The absolute value function may be expressed as follows:
\begin{itemize}
\item If $x \geq 0$, then $f(x) = |x| = x$.
\item If $x < 0$, then $f(x) = |x| = -x$.
\end{itemize}
$\vartriangleright$ The triangle inequality states that $|a+b| \leq |a| + |b|$.

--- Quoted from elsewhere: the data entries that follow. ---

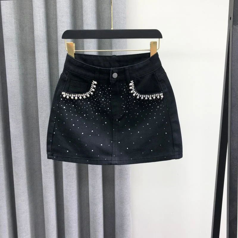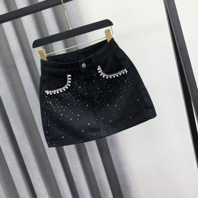 This denim skirt for women in 2024 is made of cotton and polyester, providing slight stretch for a comfortable fit. It features a high waisted A-line design and hip wrap trend, making it perfect for all seasons. The fabric type is broadcloth and it has an empire waistline with a solid pattern. The fit is regular and the silhouette is A-line, with a length that falls above the knee, making it suitable for all women.
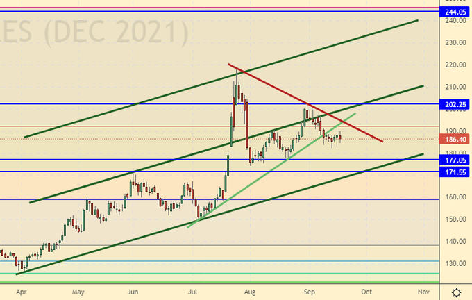 Growth scenario: October futures, expiration date September 28. The market reached our target at 5.40. If there is a rollback to 4.20, you can buy again. The gas situation in Europe will be difficult for the entire heating season.
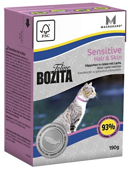 Karma Bozita Feline Funktion Sensitive Hair & Skin charakteryzuje się wysoką zawartością mięsa (93% mięsa w każdym kawałku), co zapewnia jej lekkostrawność oraz naturalne proporcje witamin i minerałów. Karma ta jest bogata w witaminy z grupy B i zawiera mięso łososia skandynawskiego, zapewniając optymalny poziom kwasów tłuszczowych omega-3 i -6, które tworzą solidną podstawę dla utrzymania w dobrym stanie skóry i sierści kota. Karma jest naturalnie bogata w selen i taurynę, zawiera również MacroGard®, naturalny β-glukan, który wzmacnia układ odpornościowy kota.
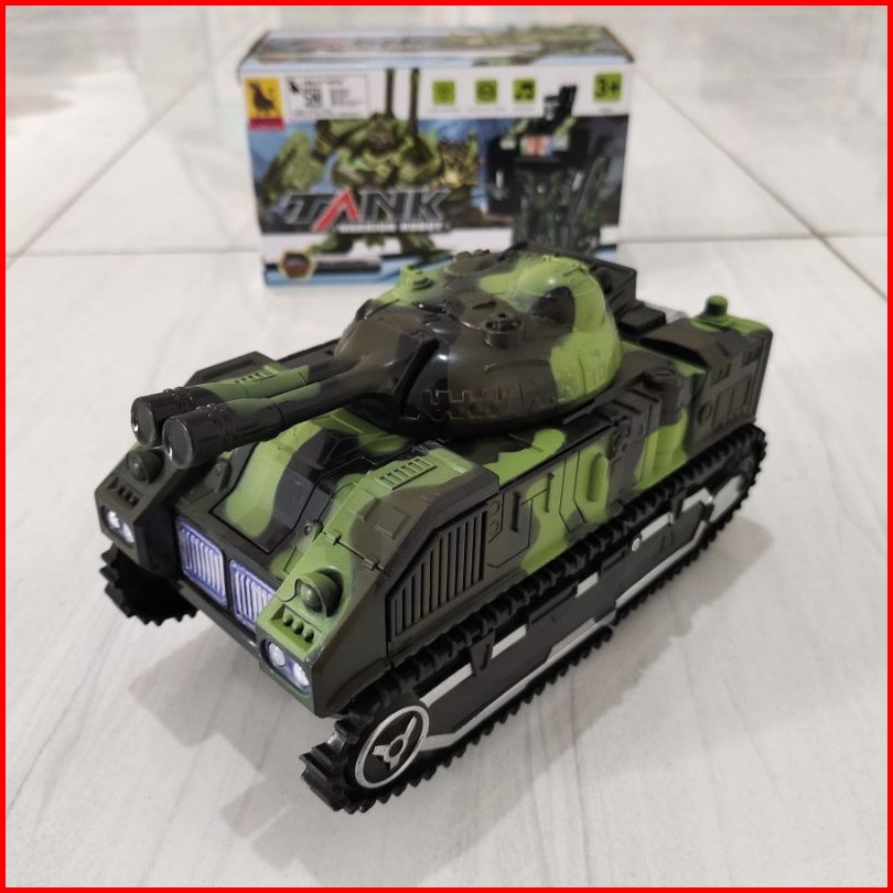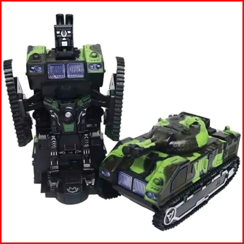 Mainan Tank Bisa Berubah Jadi Robot Otomatis Jalan Lampu Menyala Bersuara Transformer
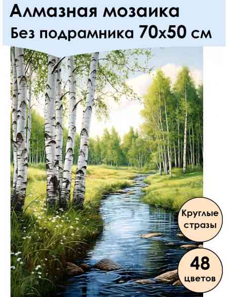 Алмазная мозаика без подрамника «Ручей» 70x50 см, 48 цветов
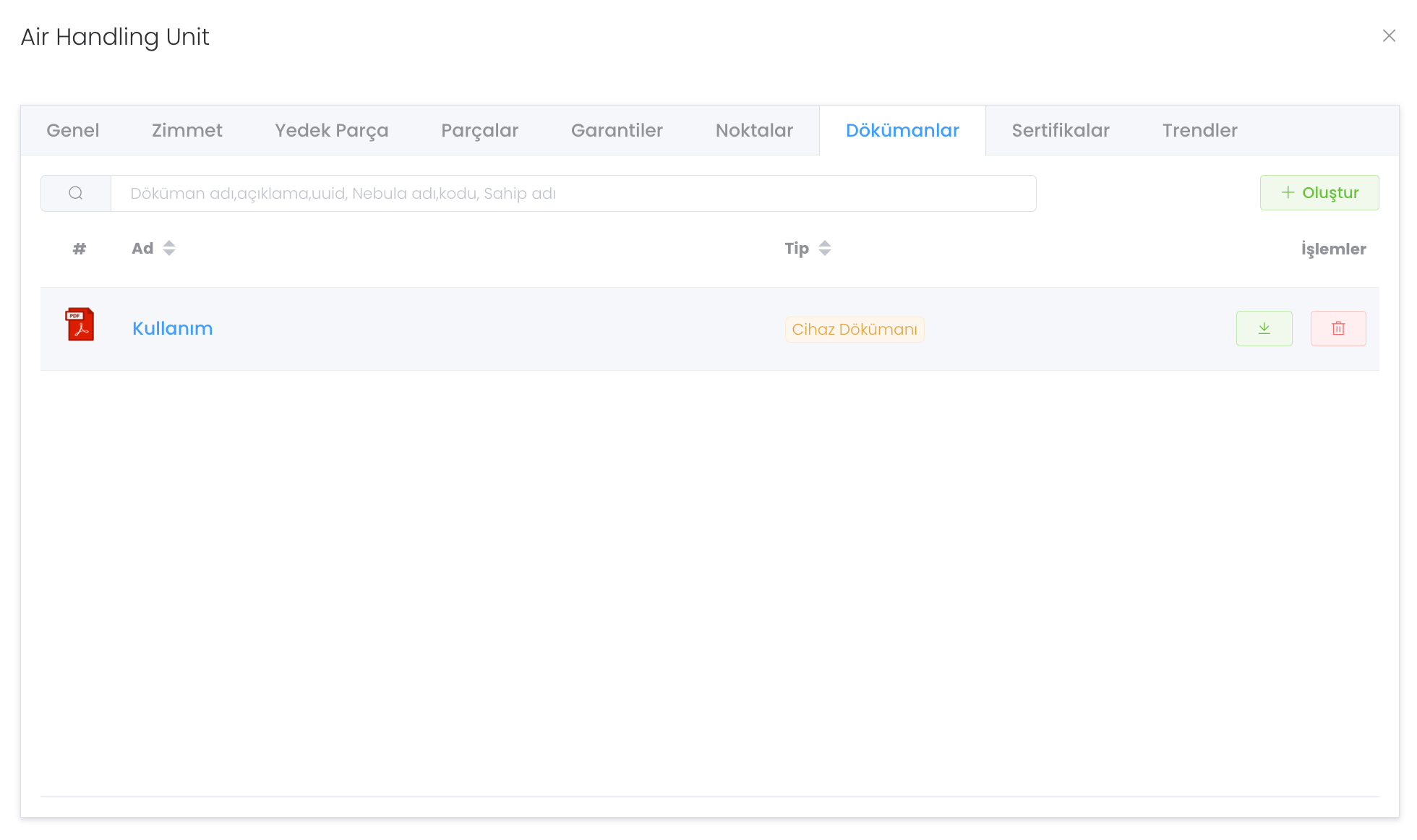 "Dökümanlar" bölümünde cihazın noktalarını görebileceğiniz, yönetebileceğiniz ve gerektiğinde dosya olarak indirebileceğiniz yapıdır. "Oluştur" butonu ile yeni döküman oluşturabilirisiniz.
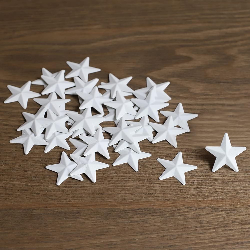 الأبعاد: مقاس 3.81 سم، 27 قطعة في المجموعة. يرجى ملاحظة: تم تكديس بعض نجوم الحظيرة في كومة عندما تحصل على العبوة، يرجى فصلها.
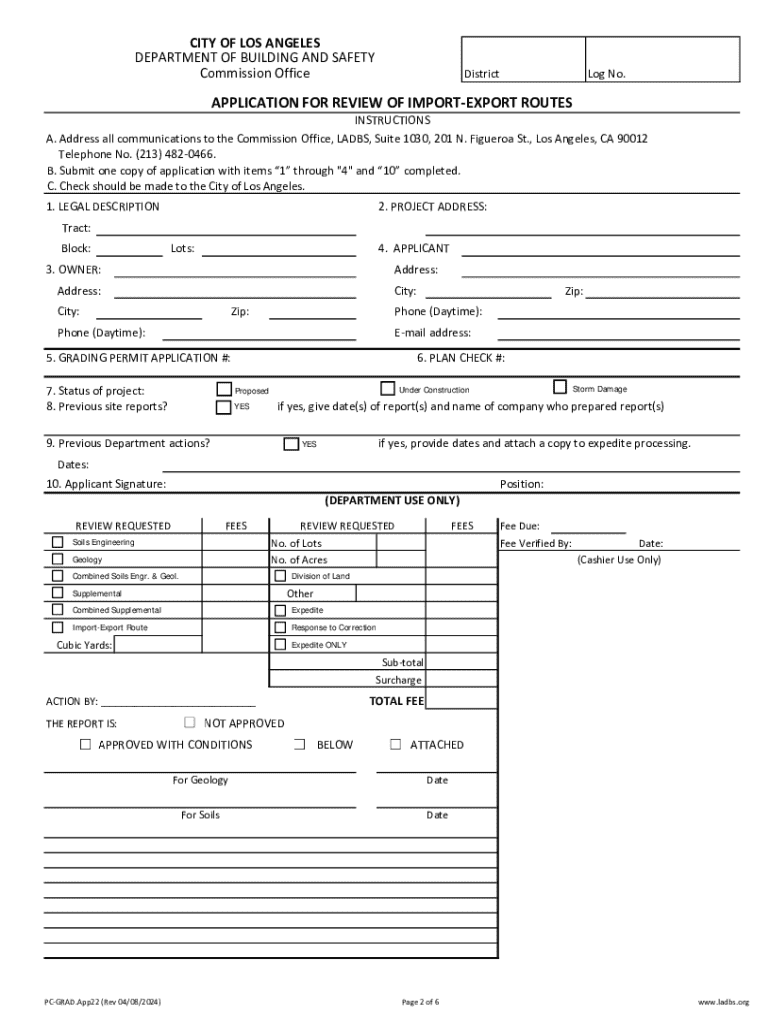 Application to request a review and approval for importing or exporting of earth material in a grading hillside area, including necessary documentation and fees.

\subsection{The Greatest Integer Function}
\label{sec:TheGreatestIntegerFunction}
The greatest integer function $f(x) = [x]$ outputs the greatest integer less than or equal to $x$. For example, $[1.4] = 1$, $[\pi] = 3$, and $[-3.5] = -4$.
The greatest integer function may be expressed as follows:
\begin{itemize}
\item If $x$ is integral, then $f(x) = [x] = x$.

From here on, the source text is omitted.